__Task prompt__
Reproduce every record below exactly as written, leaving out any pictures.

__Supplied data__
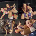 For 7 minuets Nadia dominates Sharon with a range of wrestling holds and submissions including head scissors, body scissors, armbar, camel clutch, British figure four leg lock, STO, triangle choke hold, abdominal stretch, cross face and many more submissions
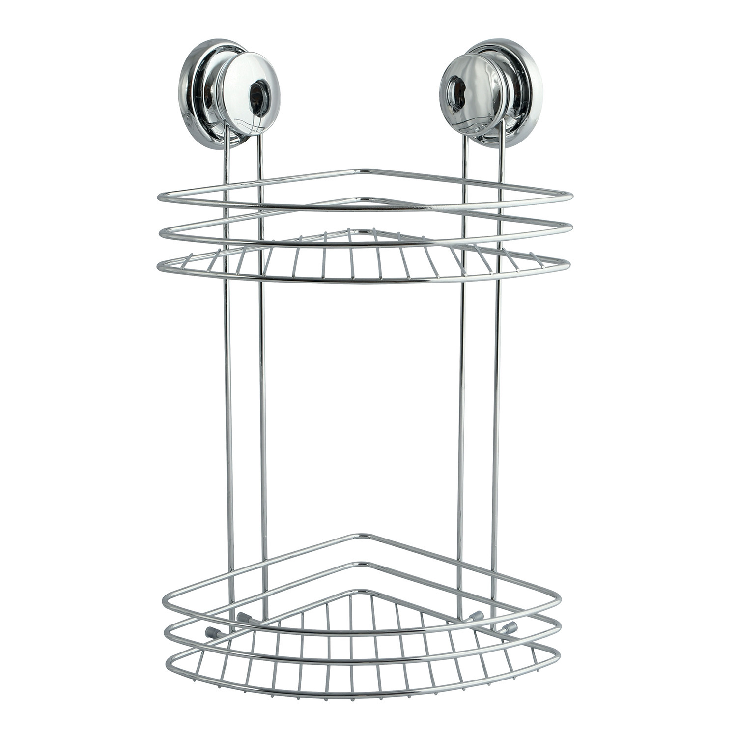 MSV rohová polička s přísavkami MEGA VENTOUSES, do koupelny, 2 patra, lesklá ocel, 21,5 cm
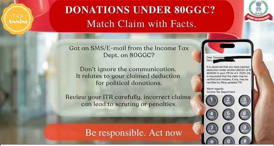 દેશના કરોડો કરદાતાઓને રાહત આપવા માટે આવકવેરા વિભાગે TAXASSIST શરૂ કર્યું છે. તેની મદદથી, રિટર્ન ફાઇલ કરનારાઓ સરળતાથી તેમના પ્રશ્નોનો ઉકેલ મેળવી શકે છે અને રિટર્ન ફાઇલ કરી શકે છે. નવીનતમ પહેલ સમજાવતા, આવકવેરા વિભાગે જણાવ્યું હતું કે ટેક્સએસિસ્ટનો પ્રારંભ કર સંબંધિત તમામ ચિંતાઓને સરળ બનાવવા માટે રચાયેલ છે. આવકવેરા વિભાગે એક ઉદાહરણ દ્વારા સમજાવ્યું કે કલમ 80GGC હેઠળ કર મુક્તિનો દાવો કરતા કરદાતાઓને કઈ પરિસ્થિતિઓમાં સમસ્યાઓનો સામનો કરવો પડી શકે છે.
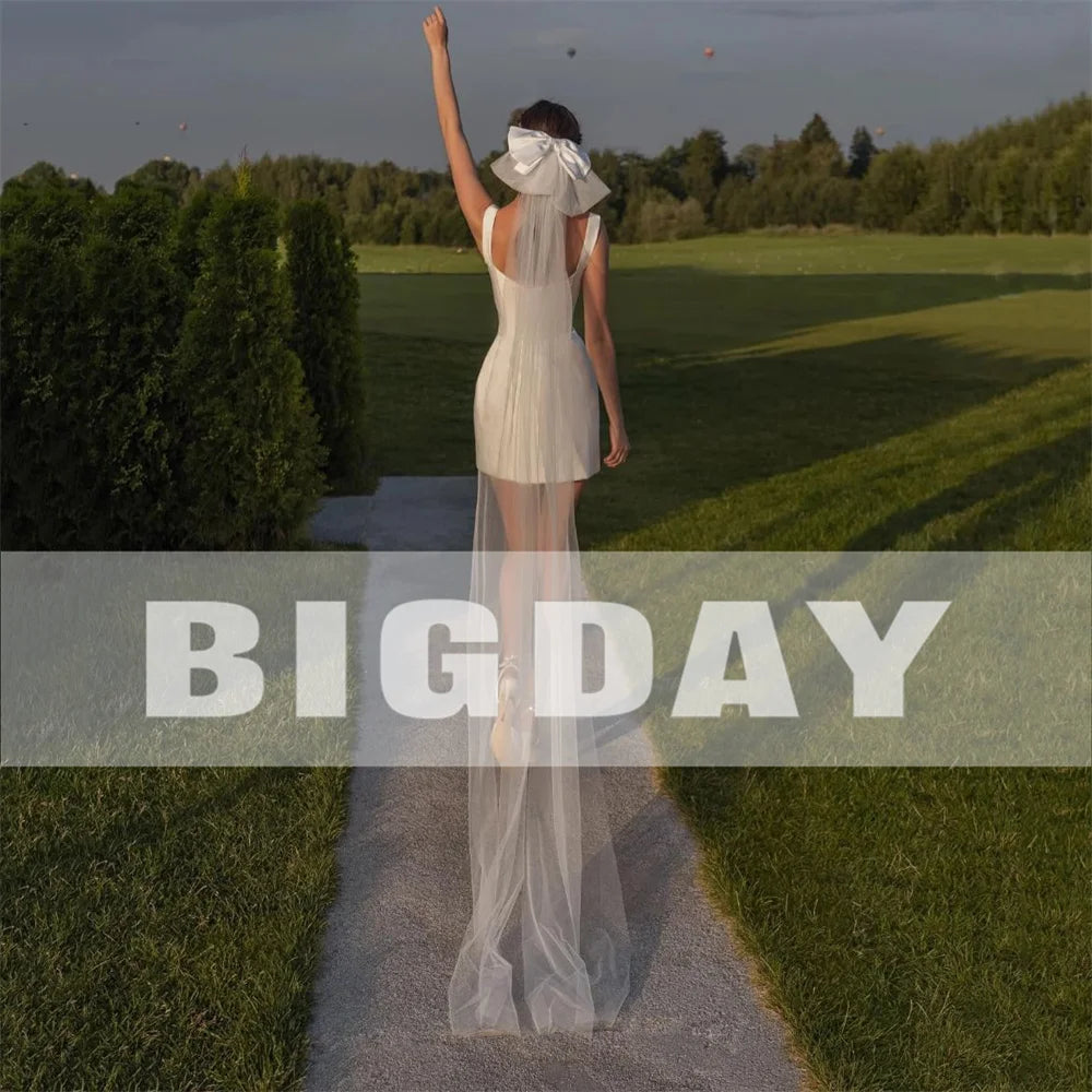 Elegant Short Wedding Dress Women 2024 Open Back Spaghetti Straps Square Collar Simple Bridal Gown Above Knee Vestidos De Noiva
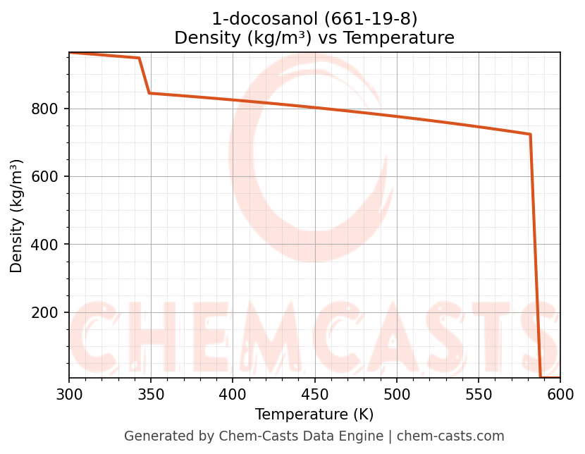 This page presents the temperature-dependent thermodynamic and transport properties of 1-docosanol (CAS 661-19-8) calculated at a constant pressure of 1 atm (101325 Pa) over the temperature range 250-500 K.
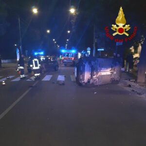 Le lancette dell’orologio segnavano all’incirca l’una, quando, per causa ancora da chiarire, in Viale Gallipoli, all’altezza dell’incrocio per immettersi in via Lombardia, due auto, una Renault Modus sulla quale viaggiavano cinque persone e una Fiat 500, con all’interno quattro persone si sono scontrate.
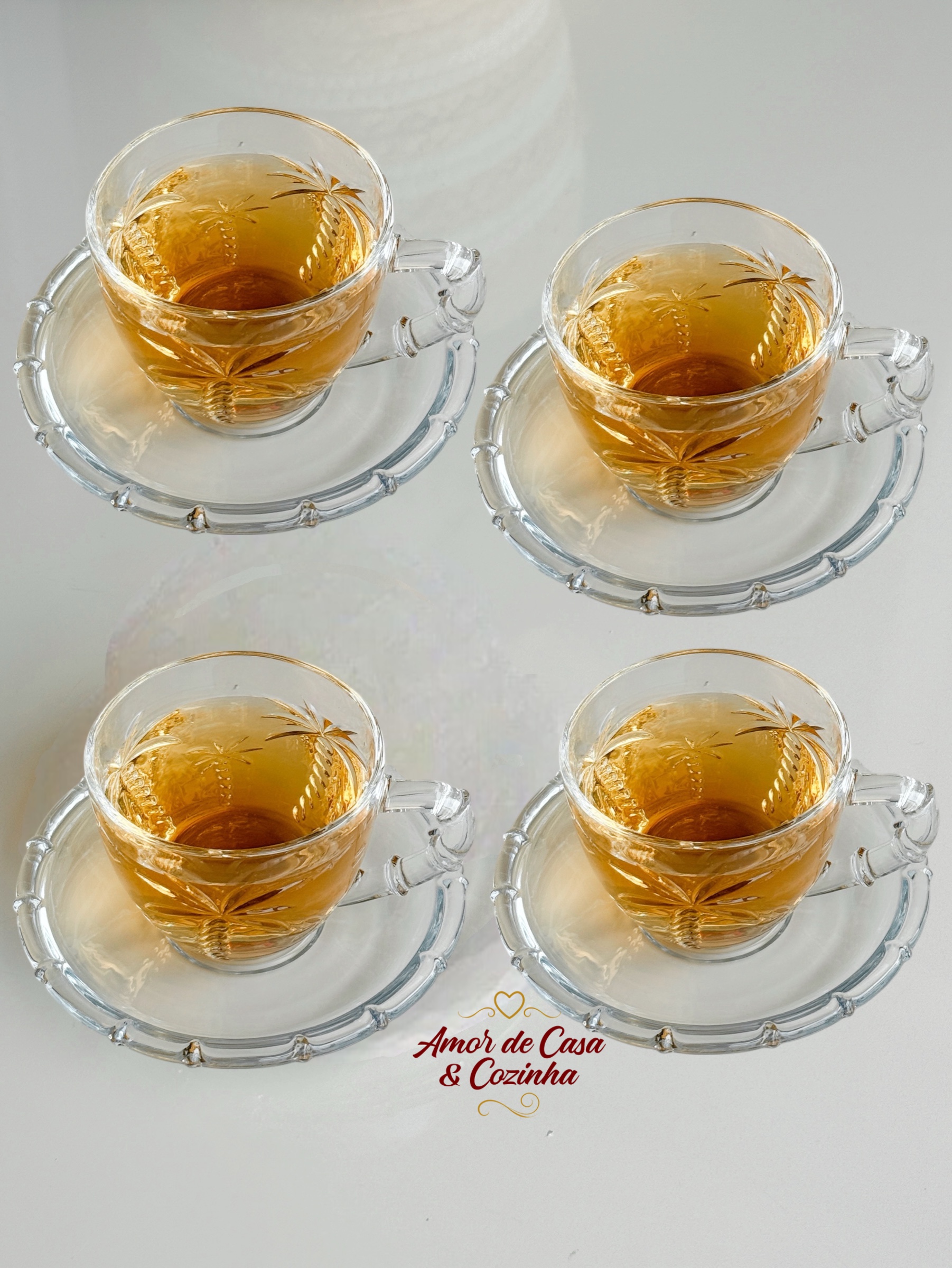 CONJUNTO 4 XÍCARAS CHÁ DE VIDRO TRANCOSO

__Solution__
 For 7 minuets Nadia dominates Sharon with a range of wrestling holds and submissions including head scissors, body scissors, armbar, camel clutch, British figure four leg lock, STO, triangle choke hold, abdominal stretch, cross face and many more submissions
 MSV rohová polička s přísavkami MEGA VENTOUSES, do koupelny, 2 patra, lesklá ocel, 21,5 cm
 દેશના કરોડો કરદાતાઓને રાહત આપવા માટે આવકવેરા વિભાગે TAXASSIST શરૂ કર્યું છે. તેની મદદથી, રિટર્ન ફાઇલ કરનારાઓ સરળતાથી તેમના પ્રશ્નોનો ઉકેલ મેળવી શકે છે અને રિટર્ન ફાઇલ કરી શકે છે. નવીનતમ પહેલ સમજાવતા, આવકવેરા વિભાગે જણાવ્યું હતું કે ટેક્સએસિસ્ટનો પ્રારંભ કર સંબંધિત તમામ ચિંતાઓને સરળ બનાવવા માટે રચાયેલ છે. આવકવેરા વિભાગે એક ઉદાહરણ દ્વારા સમજાવ્યું કે કલમ 80GGC હેઠળ કર મુક્તિનો દાવો કરતા કરદાતાઓને કઈ પરિસ્થિતિઓમાં સમસ્યાઓનો સામનો કરવો પડી શકે છે.
 Elegant Short Wedding Dress Women 2024 Open Back Spaghetti Straps Square Collar Simple Bridal Gown Above Knee Vestidos De Noiva
 This page presents the temperature-dependent thermodynamic and transport properties of 1-docosanol (CAS 661-19-8) calculated at a constant pressure of 1 atm (101325 Pa) over the temperature range 250-500 K.
 Le lancette dell’orologio segnavano all’incirca l’una, quando, per causa ancora da chiarire, in Viale Gallipoli, all’altezza dell’incrocio per immettersi in via Lombardia, due auto, una Renault Modus sulla quale viaggiavano cinque persone e una Fiat 500, con all’interno quattro persone si sono scontrate.
 CONJUNTO 4 XÍCARAS CHÁ DE VIDRO TRANCOSO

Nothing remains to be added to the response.